Man shot with live rounds during Cowtown gunfight slated to get $500,000 from Wichita

Fernando Salazar/File photo

A man who was shot with live rounds by a fellow performer during a staged gunfight at the Old Cowtown Museum in September 2020 is expected to get $500,000 from the city.

The Wichita City Council will vote on the settlement Tuesday.

The victim, who was 24 at the time of the incident, was struck in the head, face and upper body with the live shotgun rounds. His injuries included a punctured aorta and pellets lodged in his skull and left eye socket, and required surgery.

“The claimant has offered to accept a lump sum payment of $500,000 as full settlement of all of the claimant’s claims against the City of Wichita,” a city staff report reads.

The historic museum receives more than $900,000 annually from the city. The agenda report notes that paying the victim, whose name has not been made public, does not constitute an admission of liability from the city.

“It is merely a settlement to resolve a disputed claim,” it says.

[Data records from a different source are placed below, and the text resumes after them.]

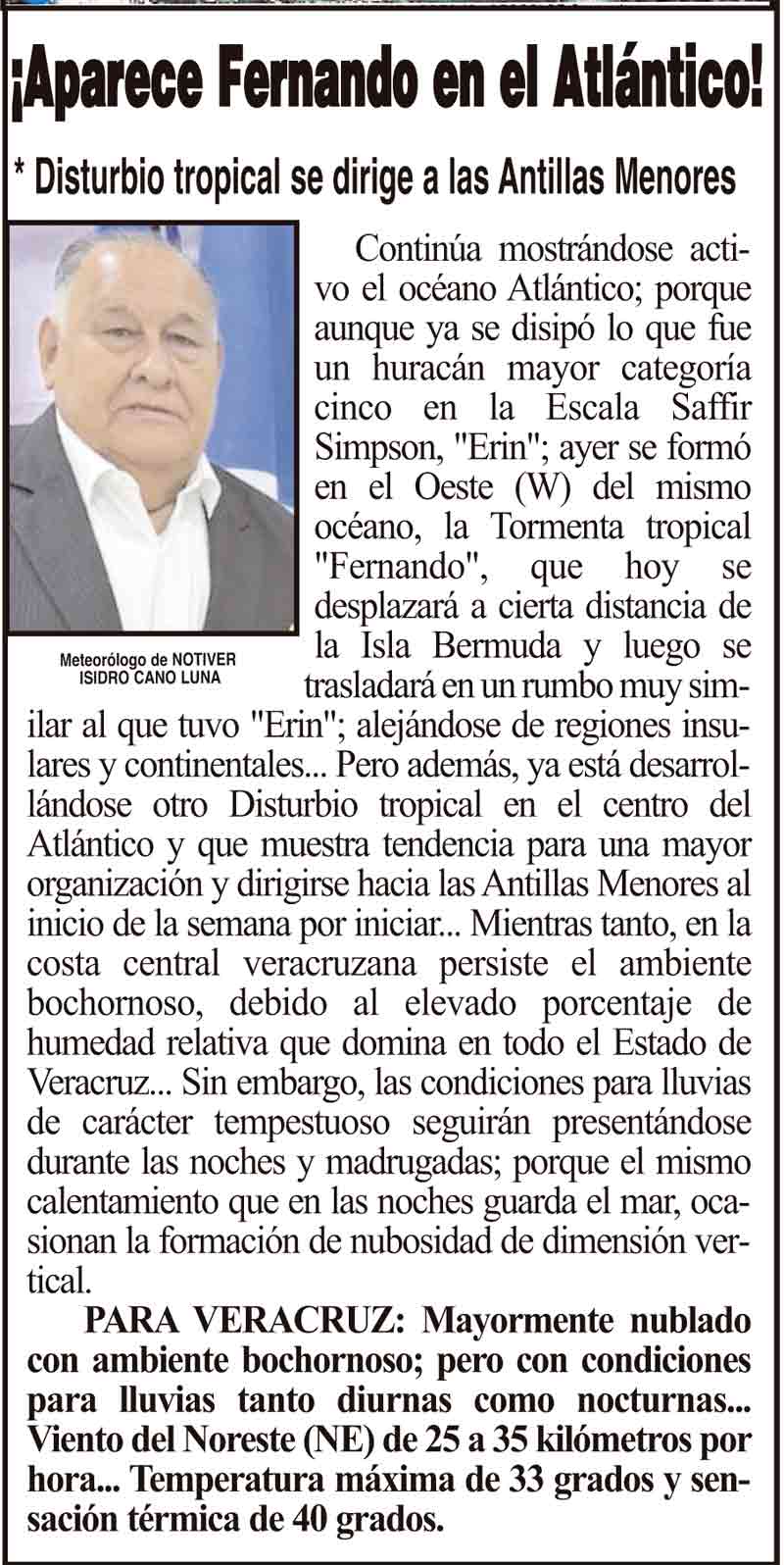 PRIMERA ¡APARECE FERNANDO EN EL ATLÁNTICO! - *DISTURBIO TROPICAL SE DIRIGE A LAS ANTILLAS MENORES 24 agosto 2025 Más Noticias ¡HOY SOPLA FRESCO Y DE FRENTE! - *PERO EL LUNES 8, ESTARÁ FUERTE Y CON LLUVIAS. LA ENCUESTA | - ME ESTÁS OYENDO INÚTIL?... ¡CON BAILONGOS QUIEREN AYUDAR A LOS DAMNIFICADOS DEL NORTE! - *El mismo Alor, toca los timbales ¡YA SE LA APROBARON! - REFORMA PARA LA FISCALÍA ESTATAL NOTI-MEME | - ASÍ ESTUVO EL INFORME... ¡MÁS DE 9 MIL MILLONES! - *Eso costaría cancelar en Veracruz al Grupo MAS ¡LE DAN LUZ VERDE! - DESDE GUATEMALA ¡EL CUARTO! ¡Y COM-PA-RE-CIÓ! - ÁNDALE... ¡NO SE VA LISBETH AURELIA! - *Descarta ir a la Fiscalía y que seguirá como magistrada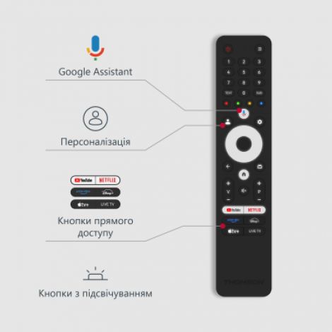 Ергономічний пульт дистанційного керування з підсвічуванням дозволяє керувати всім, навіть при слабкому освітленні. Вбудований Google Асистент дозволяє інтуїтивно керувати телевізором за допомогою голосових команд. Шукайте улюблені фільми, запитуйте рекомендації за настроєм або керуйте сумісними смарт-пристроями — все це за допомогою зручного голосового керування. Насолоджуйтесь повною інтеграцією з розумним будинком і можливістю відтворювати музику, шукати фільми та відкривати додатки.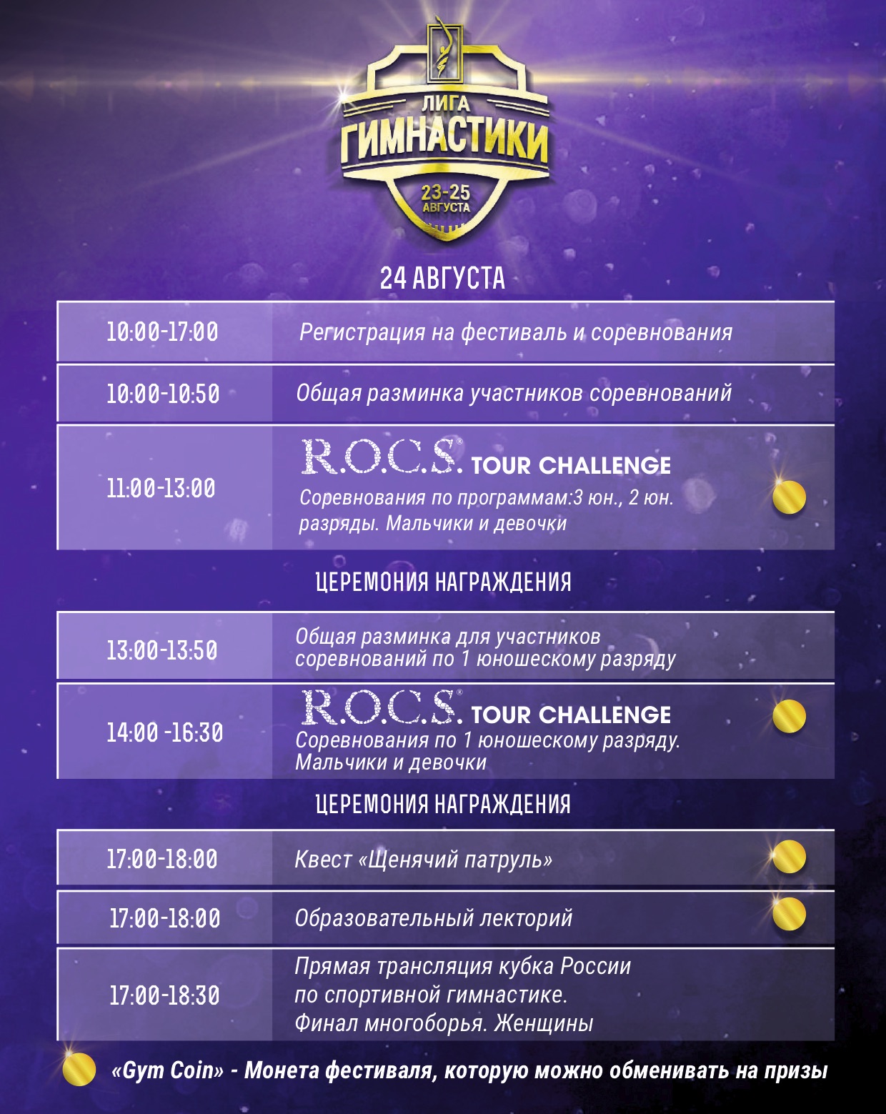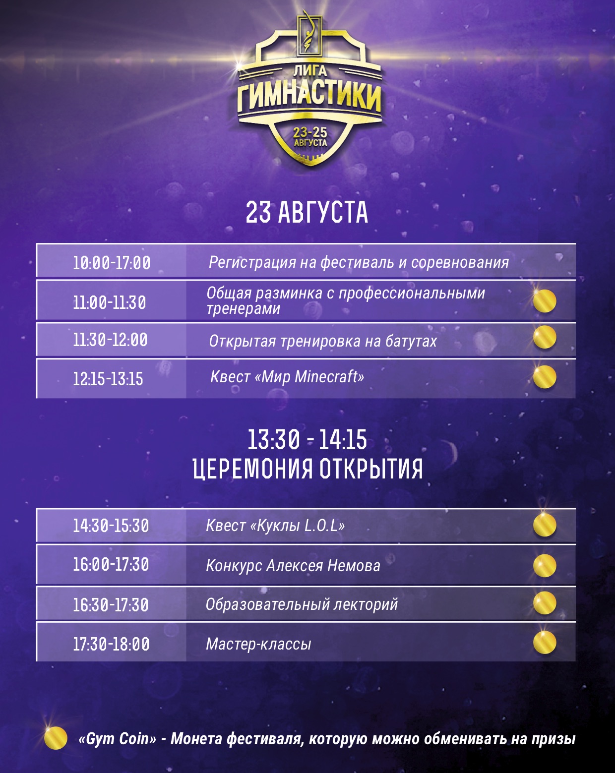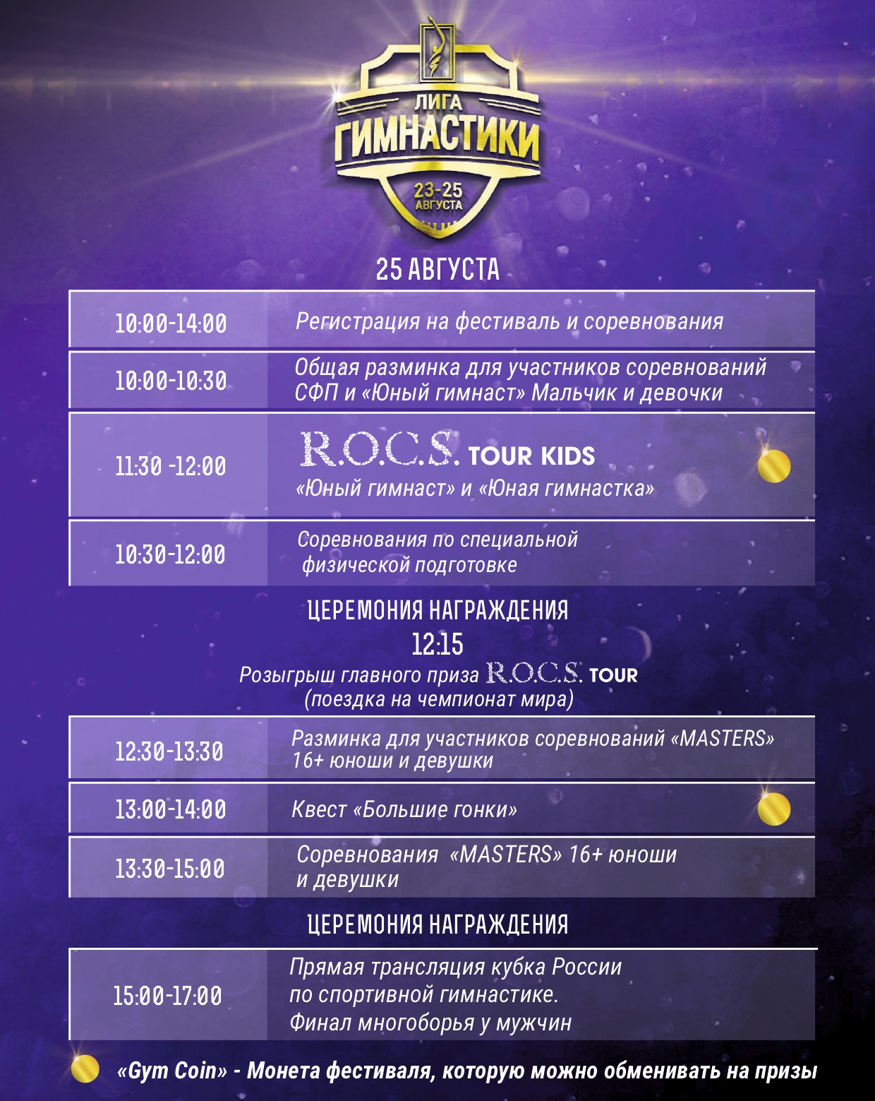 Важной составляющей фестиваля станут соревнования «Лига гимнастики» по программе юношеских разрядов для детей 5 -10 лет (I, II, III юн.разряды и программе «Юный гимнаст»), а также турнир среди любителей «MASTERS» (для участников 16+).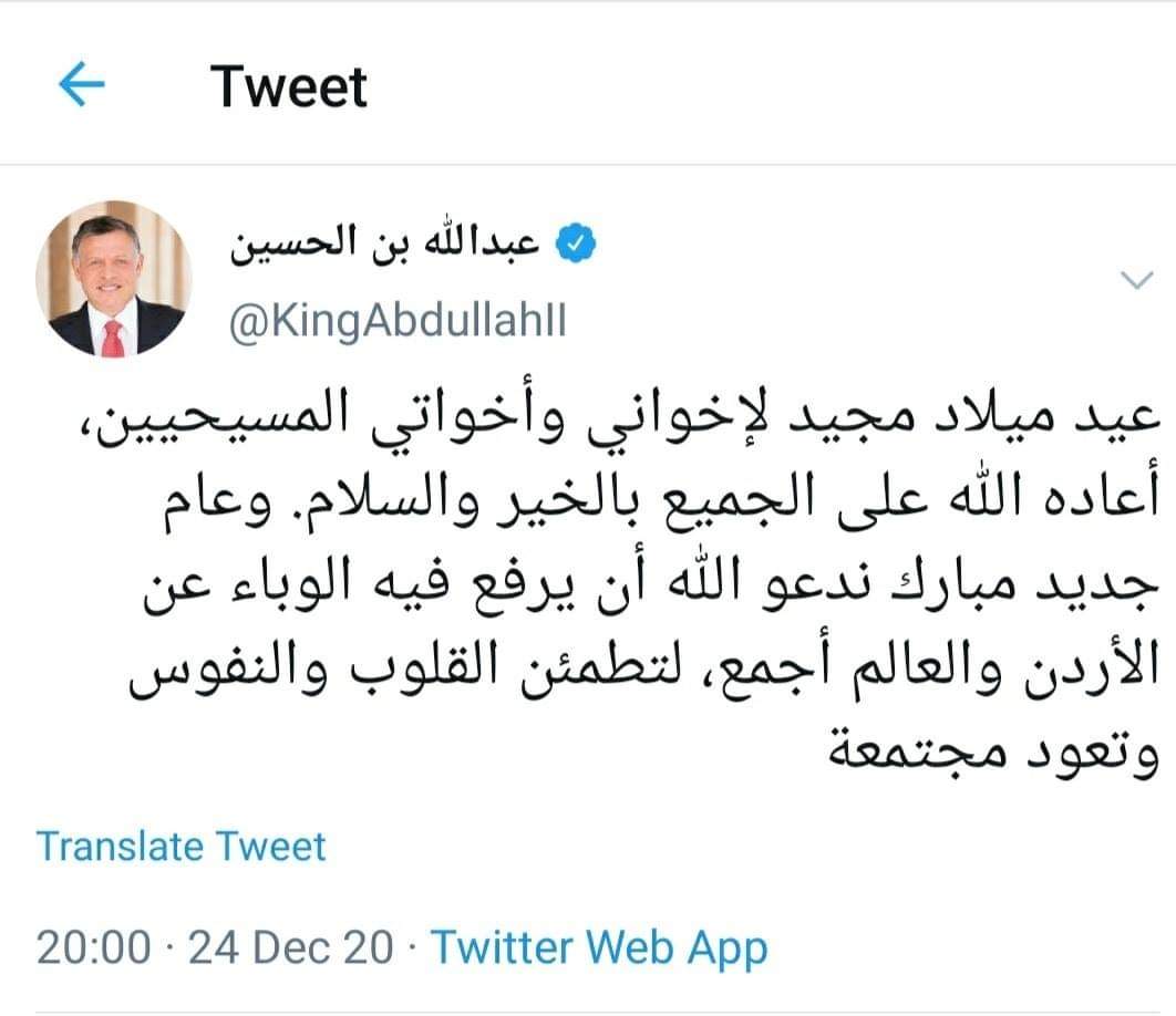 ‏عيد ميلاد مجيد لإخواني وأخواتي المسيحيين، أعاده الله على الجميع بالخير والسلام. وعام جديد مبارك ندعو الله أن يرفع فيه الوباء عن الأردن والعالم أجمع، لتطمئن القلوب والنفوس.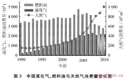 天然氣市場現(xiàn)正處于高速增長的時期。在西氣東輸項(xiàng)目完工并于2004年10月開始向華東地區(qū)供氣后的5年里,國內(nèi)天然氣消費(fèi)量年均增幅達(dá)17%,2009年消費(fèi)量已增加到874×108m3[6]。而在這之前,20世紀(jì)90年代10年里的年均增幅只有4.5%。2010年,國內(nèi)天然氣消費(fèi)量估計(jì)將達(dá)到1050×108m3,到2020年預(yù)計(jì)將增長兩倍達(dá)到3000×108m3,受沖擊最大的是燃料油和液化氣,液化氣需求增長將受到嚴(yán)重阻礙(圖3)。
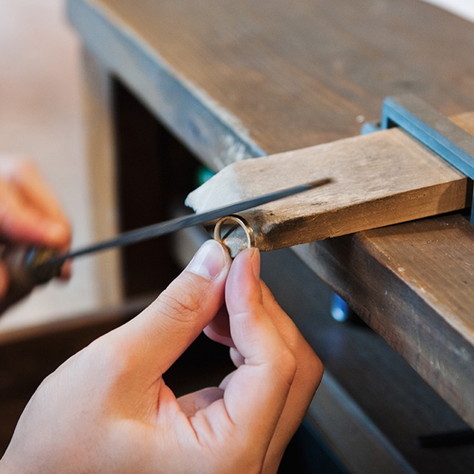 工房スミスは、その名の通り職人がお客様の大切な思い出のひとつに寄り添えるよう、東京・青山のアトリエで日々お待ちしています。手作り結婚指輪を通して見るお客様の嬉しい顔が、私たち職人の力の源です。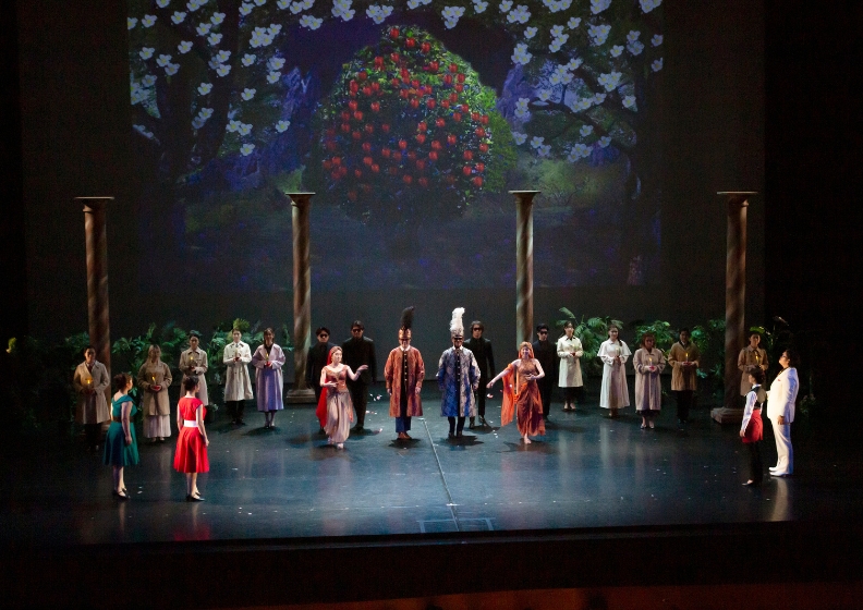 文化庁芸術祭大賞など数々の賞を受賞している「ザ・カレッジ・オペラハウス」の公演にも、多くの卒業生がプロの歌手として、ソリストや合唱団で出演し続けています(2019年度オペラ公演「カプレーティとモンテッキ」より)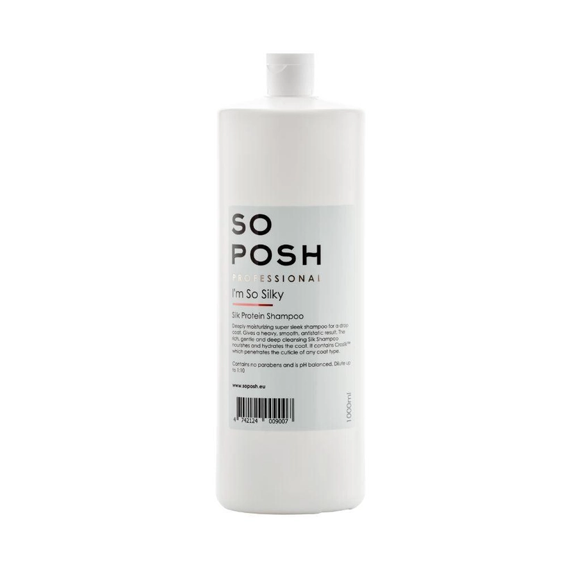 Complete Pro Behandeling – Voor de ultieme showhondafwerking gebruikt u onze I’m So Silky Shampoo, gevolgd door de So Posh I’m So Silky Rinse-Off Conditioner. Deze krachtige trio zorgt voor de zachtste, zijdezachtste en meest glanzende vacht, net als een showhond. SO POSH producten zijn van professionele kwaliteit – verwen uw harige vriend met de luxe die ze verdienen.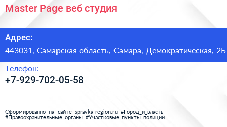 Master Page, веб-студия по адресу 443031, Самарская область, Самара, Демократическая, 2Б в дальнейшем Организация, размещена в следующих категориях:

Robert Hartung Jr. of Winfield was sentenced to three years probation last October after pleading no contest to one count of aggravated battery.

Hartung told authorities that “he loaded his 12 gauge Winchester shotgun with what he ‘assumes’ are blanks that he brought with him” to the Cowtown museum on Sept. 18, according to an affidavit. Although at least two reenactors carried shotguns that night, video footage of the event shows Hartung firing two shots in the area where police found the expended Winchester rounds.

In a motion seeking probation, Hartung’s defense attorney wrote that he had a more than 20-year history of safely participating in historical reenactments, had no gun accidents until the Sept. 18, 2020, event, and had used the live rounds by mistake.